### ACTIVITY
Take the line containing "#吳武才老師「西點烘焙」透過" and every line after it to the end of the records, and copy them exactly, excluding pictures.

-- EXTRACTED DATA follows --

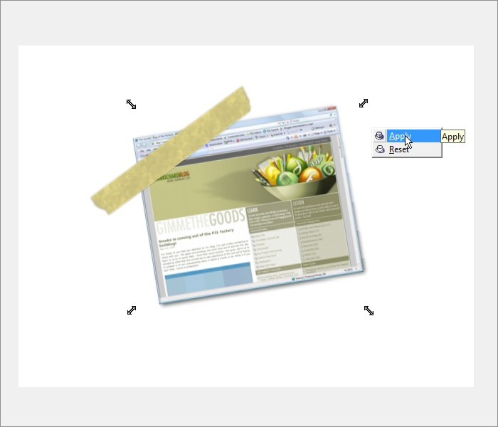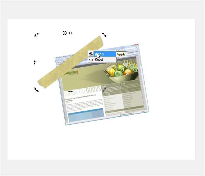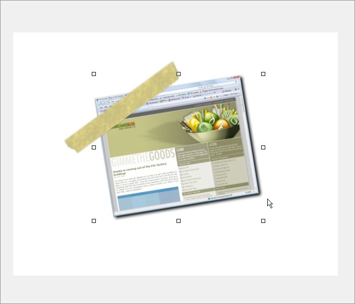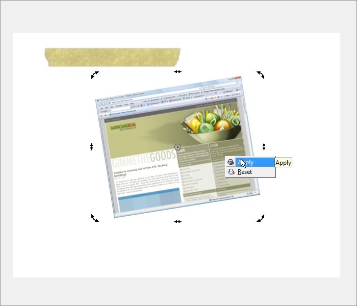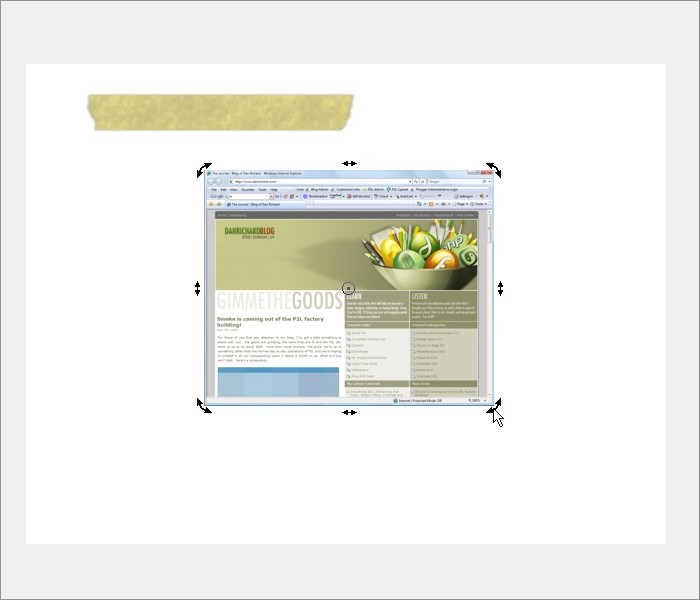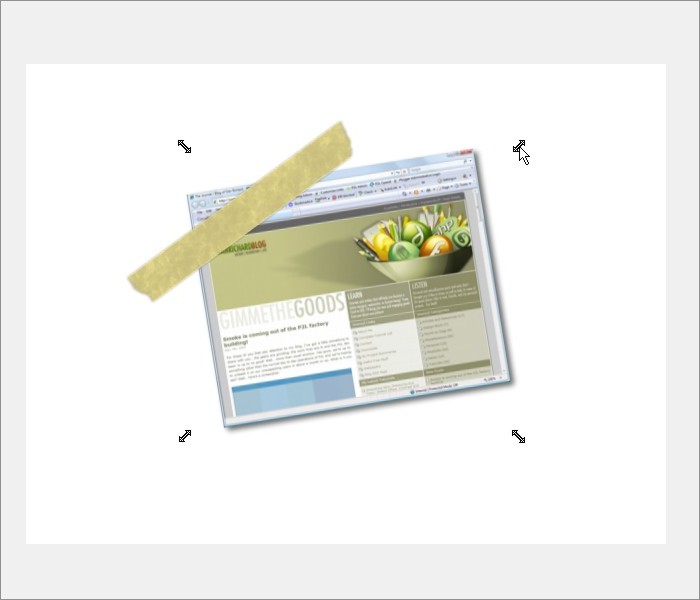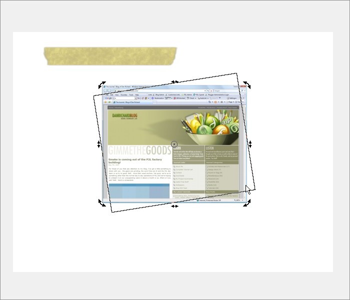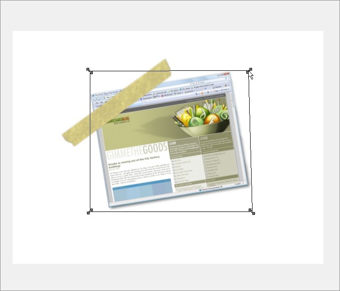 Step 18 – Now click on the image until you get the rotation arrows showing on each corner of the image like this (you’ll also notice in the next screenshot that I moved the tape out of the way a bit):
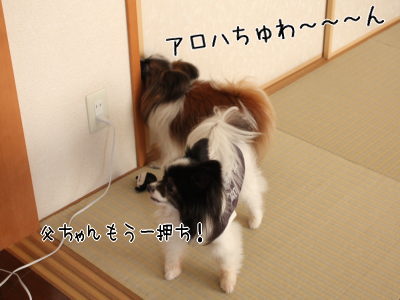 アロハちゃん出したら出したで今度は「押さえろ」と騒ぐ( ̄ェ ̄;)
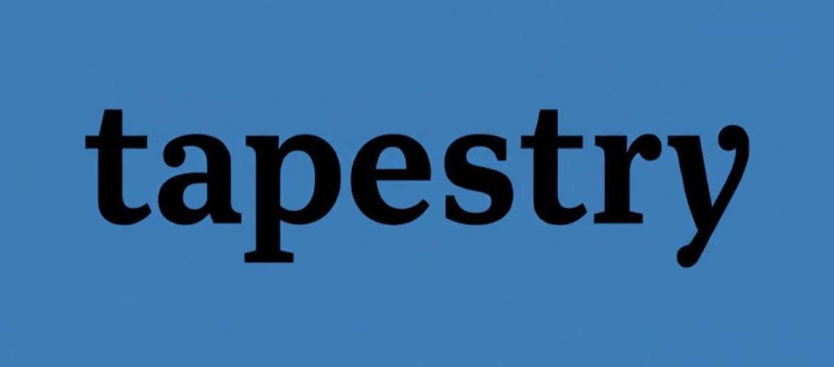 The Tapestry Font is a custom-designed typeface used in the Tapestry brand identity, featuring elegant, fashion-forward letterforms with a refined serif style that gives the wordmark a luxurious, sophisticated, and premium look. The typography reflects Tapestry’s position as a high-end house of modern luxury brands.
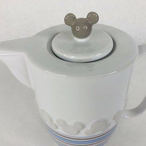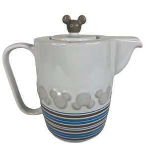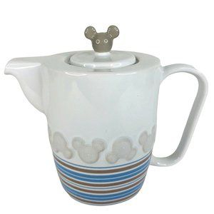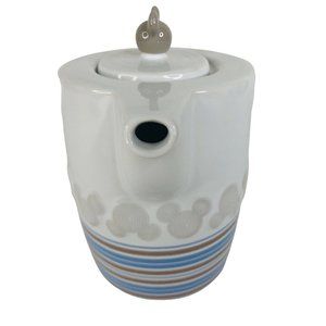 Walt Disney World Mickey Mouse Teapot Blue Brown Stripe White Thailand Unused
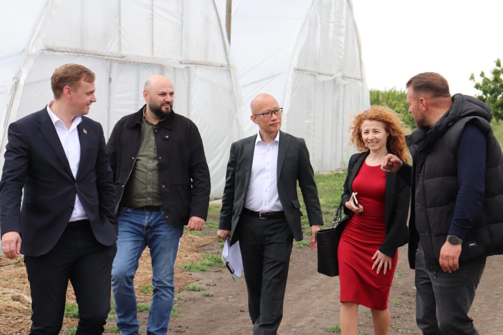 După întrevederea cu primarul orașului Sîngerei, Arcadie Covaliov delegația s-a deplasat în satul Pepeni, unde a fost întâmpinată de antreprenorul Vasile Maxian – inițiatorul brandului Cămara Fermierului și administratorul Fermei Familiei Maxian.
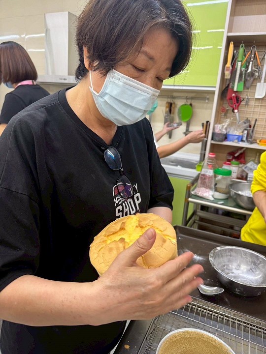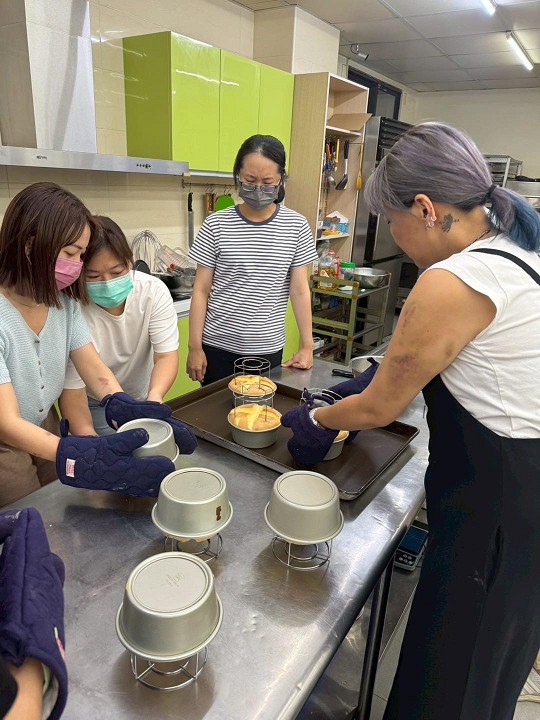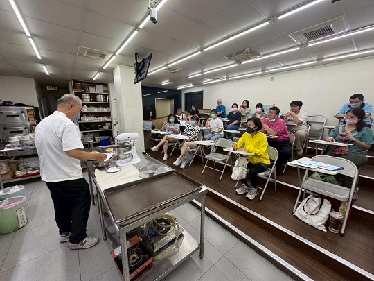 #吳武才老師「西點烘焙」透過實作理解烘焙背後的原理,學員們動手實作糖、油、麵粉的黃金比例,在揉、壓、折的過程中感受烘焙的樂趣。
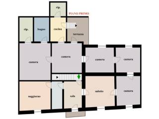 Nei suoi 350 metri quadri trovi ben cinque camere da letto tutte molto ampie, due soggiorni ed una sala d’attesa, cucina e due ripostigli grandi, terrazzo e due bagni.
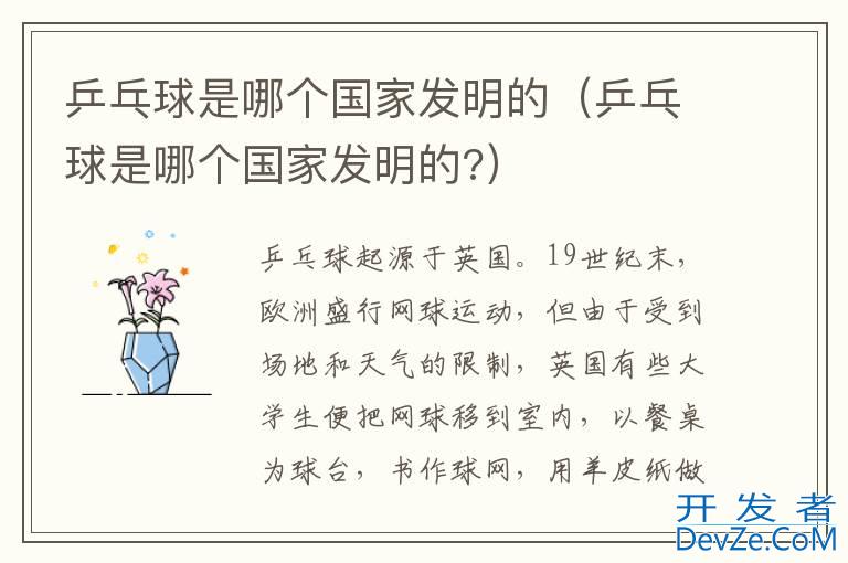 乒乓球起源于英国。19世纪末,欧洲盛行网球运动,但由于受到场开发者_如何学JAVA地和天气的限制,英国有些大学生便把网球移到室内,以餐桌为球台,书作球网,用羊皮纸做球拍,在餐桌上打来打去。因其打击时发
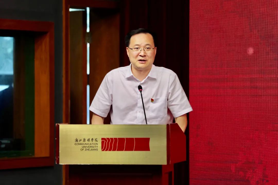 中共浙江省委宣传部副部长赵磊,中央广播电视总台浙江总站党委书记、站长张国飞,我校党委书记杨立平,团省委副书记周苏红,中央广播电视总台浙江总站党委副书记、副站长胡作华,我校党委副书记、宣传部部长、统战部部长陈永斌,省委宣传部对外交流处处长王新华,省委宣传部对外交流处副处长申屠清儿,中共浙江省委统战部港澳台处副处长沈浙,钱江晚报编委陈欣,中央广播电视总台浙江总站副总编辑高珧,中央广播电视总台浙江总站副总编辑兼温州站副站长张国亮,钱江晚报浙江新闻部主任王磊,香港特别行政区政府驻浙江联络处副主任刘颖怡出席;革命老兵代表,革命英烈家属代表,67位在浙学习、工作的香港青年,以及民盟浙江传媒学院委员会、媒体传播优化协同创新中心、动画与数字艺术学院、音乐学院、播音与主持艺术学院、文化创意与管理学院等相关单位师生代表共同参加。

-- EXTRACTED DATA concluded --

### SOLUTION TO THE EXERCISE
 #吳武才老師「西點烘焙」透過實作理解烘焙背後的原理,學員們動手實作糖、油、麵粉的黃金比例,在揉、壓、折的過程中感受烘焙的樂趣。
 Nei suoi 350 metri quadri trovi ben cinque camere da letto tutte molto ampie, due soggiorni ed una sala d’attesa, cucina e due ripostigli grandi, terrazzo e due bagni.
 乒乓球起源于英国。19世纪末,欧洲盛行网球运动,但由于受到场开发者_如何学JAVA地和天气的限制,英国有些大学生便把网球移到室内,以餐桌为球台,书作球网,用羊皮纸做球拍,在餐桌上打来打去。因其打击时发
 中共浙江省委宣传部副部长赵磊,中央广播电视总台浙江总站党委书记、站长张国飞,我校党委书记杨立平,团省委副书记周苏红,中央广播电视总台浙江总站党委副书记、副站长胡作华,我校党委副书记、宣传部部长、统战部部长陈永斌,省委宣传部对外交流处处长王新华,省委宣传部对外交流处副处长申屠清儿,中共浙江省委统战部港澳台处副处长沈浙,钱江晚报编委陈欣,中央广播电视总台浙江总站副总编辑高珧,中央广播电视总台浙江总站副总编辑兼温州站副站长张国亮,钱江晚报浙江新闻部主任王磊,香港特别行政区政府驻浙江联络处副主任刘颖怡出席;革命老兵代表,革命英烈家属代表,67位在浙学习、工作的香港青年,以及民盟浙江传媒学院委员会、媒体传播优化协同创新中心、动画与数字艺术学院、音乐学院、播音与主持艺术学院、文化创意与管理学院等相关单位师生代表共同参加。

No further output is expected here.